В то время, когда Максимилиан появился в нашем рассказе, он еще не подал никакого повода к укорам тех, что впоследствии обвиняли его в слабости, в непостоянстве и недобросовестности. Тогда по справедливости полагали, что только его отец служит препятствием в осуществлении благородных намерений принца по отношению к водворению мира и порядка в Империи и общего крестового похода на турок, возрастающее могущество которых было тогда самой страшной опасностью, грозившей христианству. Имя Максимилиана часто было на языках горожан, между которыми он пользовался большой популярностью, не только за свою добродушную простоту, но и за то еще, что благодаря своим артистическим наклонностям, принц любил общество горожан более, чем общество грубого и необразованного дворянства.
Эббо так часто слыхал о короле римлян, что был совершенно готов ненавидеть его, как природного врага своей феодальной независимости. Но легко воспламеняемый энтузиазм и рыцарские наклонности молодого барона должны были естественным образом победить его предубеждения и подчинить обаянию, производимому воинственным видом и игривой обходительностью короля. В продолжении целого вечера молодой барон говорил о принце еще с большей восторженностью, чем Фридель. Оба брата не могли заснуть всю ночь в ожидании следующего дня, когда они увидят Максимилиана во всем блеске императорского величия.
Одетые в богатые костюмы, верхом на гнедых конях, Адлерштейнские близнецы справедливо могли привести в восторг свою мать, когда отправились навстречу императорскому поезду; в церемонии должен был фигурировать и мейстер Сорель, украшенный знаками своей муниципальной должности.
Баронесса Адлерштейнская в бархатном платье и чепце, окаймленном жемчугом, заняла место с теткой на балконе, обитом коврами; между ними была маленькая Текла, порученная им отцом. Колокола со всех церквей оглашали город своим звоном, и звуки веселой музыки доносились ветром до слуха сидевших на балконе. Во главе поезда шли сильные, рослые ландскнехты, городская стража, вооруженная аркебузами или алебардами, в шлемах из блестящей стали и в куртках из буйволовой кожи; за ними шли корпорации или разные цехи ремесленников, каждый сопровождался своим символическим знаменем: котел котельщиков, чулок шапочников, шлем оружейников, блюда брадобреев, сапог сапожников, и даже колбаса колбасников.
Первые ряды каждой корпорации состояли из учеников, здоровых молодых ребят; под их синими шапочками виднелись обильные белокурые волосы тевтонской расы; в руках у каждого была палка, а за поясом нож. Во втором ряду шли рабочие или подмастерья, одетые в буйволовые куртки и вооруженные алебардами или арбалетами. После, люди были всех возрастов, начиная от двадцати двух лет до шестидесяти, собравшиеся из всех частей Германии. Следовавшие мастера были далеко не так многочисленны: то были большей частью серьезные люди, в длинных парадных платьях, с золотой цепью на шее; важное выражение лиц внушало почтение, более еще чем костюмы. Университеты имели здесь своих представителей в лице профессоров и студентов, – студенты, развязная походка и смелые физиономии которых сами собой выказывали недостаток дисциплины, – представляли сильный контраст с длинными мантиями и торжественной походкой профессоров и почетных лиц учащейся корпорации.

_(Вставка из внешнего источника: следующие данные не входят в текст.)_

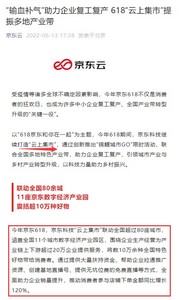 据了解,今年的京东618将帮助更多的城市产业带实现转型升级,助力更多的品牌、商家、中小企业、农户等,在恢复发展的同时加速数智化转型,进而实现发展。
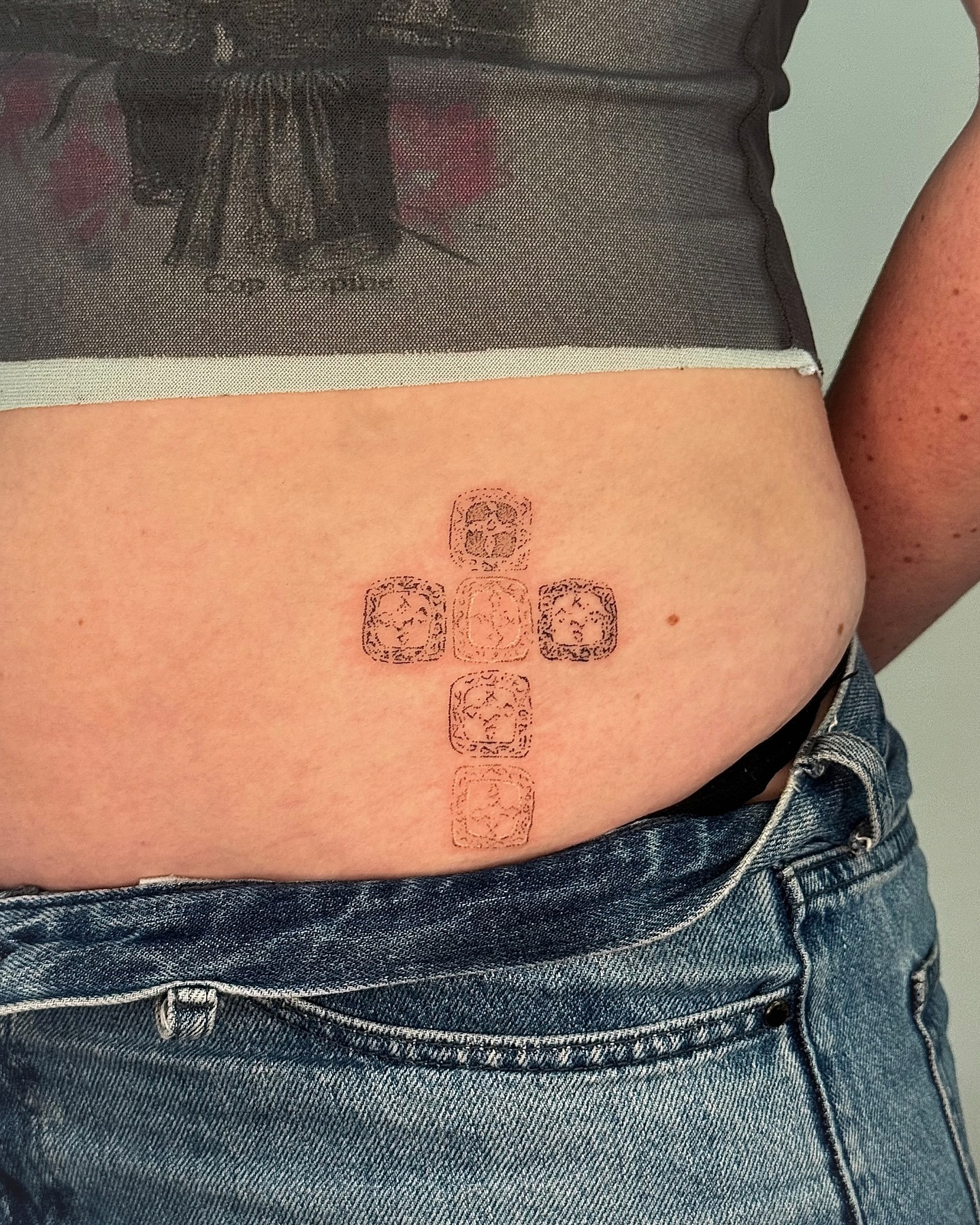 The tattoo features a geometric cross made up of square shapes that have intricate textures within them.
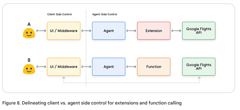 Extension은 에이전트가 직접 API를 호출할 수 있도록 연결해주는 도구입니다. 마치, 에이전트가 스마트폰을 들고 “야 구글, 항공편 좀 찾아줘!” 하고 말하는 느낌이에요.
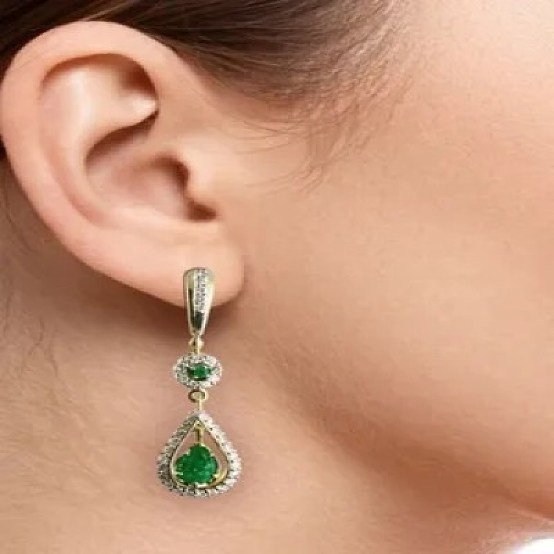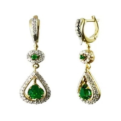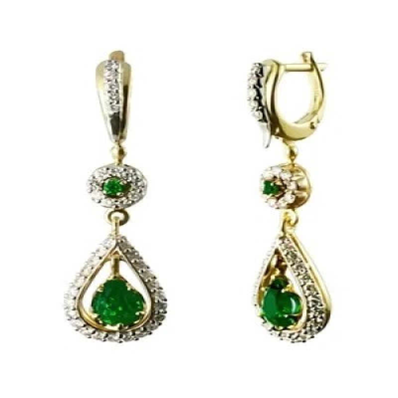 G.st. ЮВЕЛИРНЫЙ ЗАВОД ЗОЛОТОЙ СТАНДАРТ Серьги из желтого золота с натуральными изумрудами и бриллиан
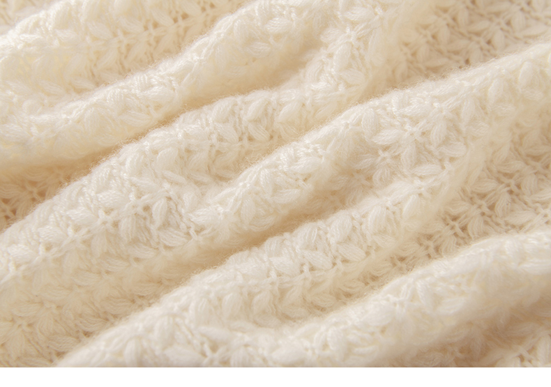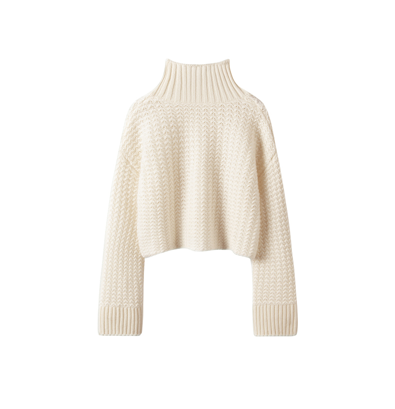 时髦感拉满了~2024新款藏蓝色编镂空编织阔袖高领100%羊绒毛衣女
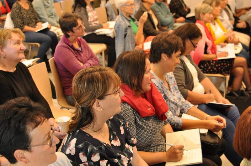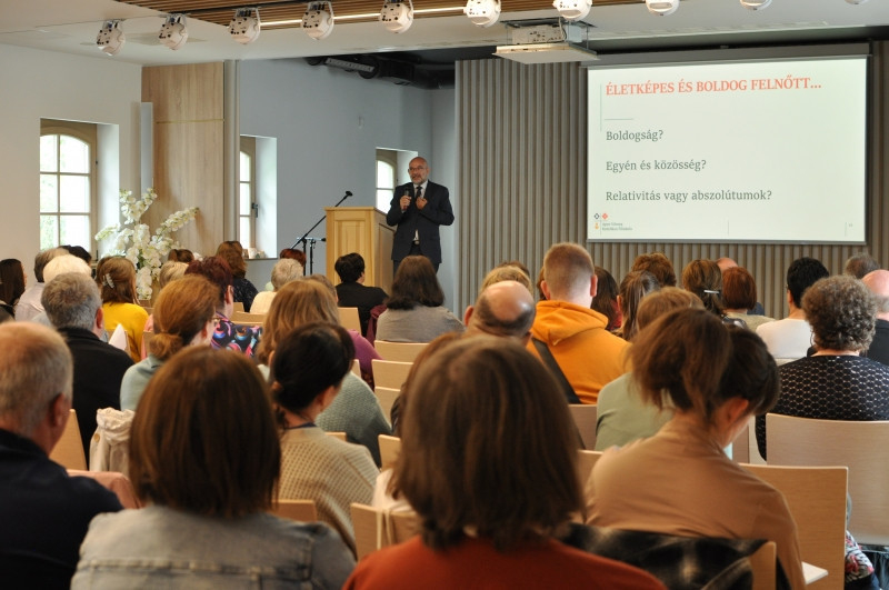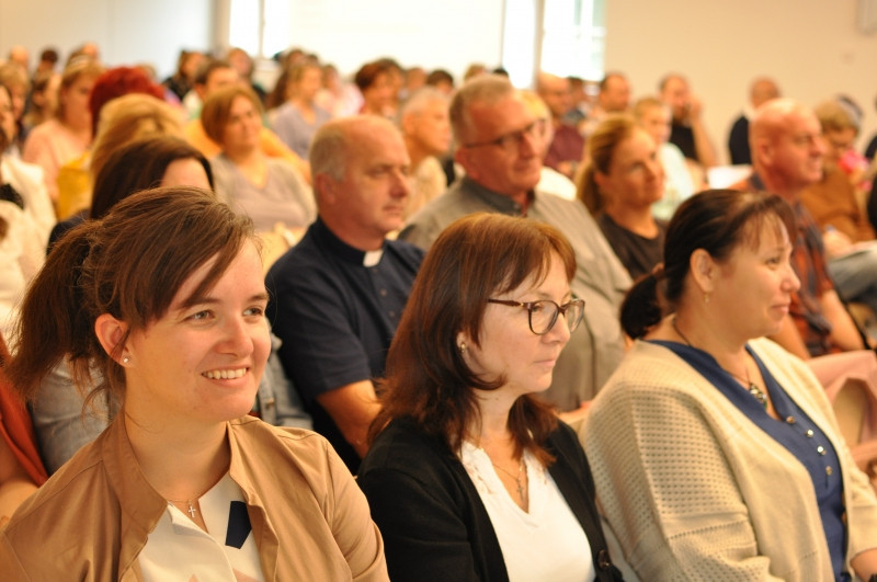 Gloviczki Zoltán, az Apor Vilmos Katolikus Főiskola (AVKF) rektora Napjaink pedagógiai kihívásai címmel tartott előadást, mely láthatóan felkeltette a jelenlévők érdeklődését. Elsősorban arról beszélt, mit is jelent tanárnak lenni, mire van egy pedagógusnak hivatása. „Miért van szükség pedagógusokra? Hogy segítsünk a szülőknek életképes és boldog felnőtteket nevelni a gyerekeikből. Nem arra, hogy tudjon valamit a gyerek. Nem arra, hogy elérjen valamit. Szembesülnünk kell azzal, hogy hiába van tananyag és tankönyv,

Не забудем также членов магистратуры, бургомистров каждой корпорации и самого префекта города Ульма, столь же полномочного в своем вольном городе, как даже в Генуе или Венеции, и даже может быть еще более в силу своей неоспоримой власти. В этой последней группе находился и мейстер Годфрид; он добродушно улыбнулся сидящим на балконе жене и племяннице.
Вскоре послышался звон оружия и конское ржание; вокруг многочисленных знамен, изображавших геральдические эмблемы, ехали все окрестные сеньоры, затем, с еще более оглушительным шумом, появился отряд молодых дворян с веселыми, цветущими лицами в шапочках, украшенных перьями и в ярких плащах. Фрау Иоганне и благородной баронессе Адлерштейнской поклонились молодой граф Ридигер и близнецы бароны; черные глаза и волосы близнецов, их стройный и тонкий стан резко отличали их ото всей белокурой немецкой молодежи. Здесь, собственно говоря, зрелище окончилось уже для Христины, она была совершенно согласна с фрау Иоганной, говорившей, что ни один из молодых дворян в наличности не мог выдержать сравнения с адлерштейнскими близнецами. Но баронесса не могла еще не обратить внимания на короля римлян, которым так восторгались ее сыновья. В это время маленькая Текла радостно закричала, увидев своего отца, грациозно управлявшего великолепным конем: сэр Казимир отечески улыбнулся дочери и поклонился баронессе так низко и почтительно, что поклон этот был замечен двумя главными лицами той группы, где находился сэр Казимир.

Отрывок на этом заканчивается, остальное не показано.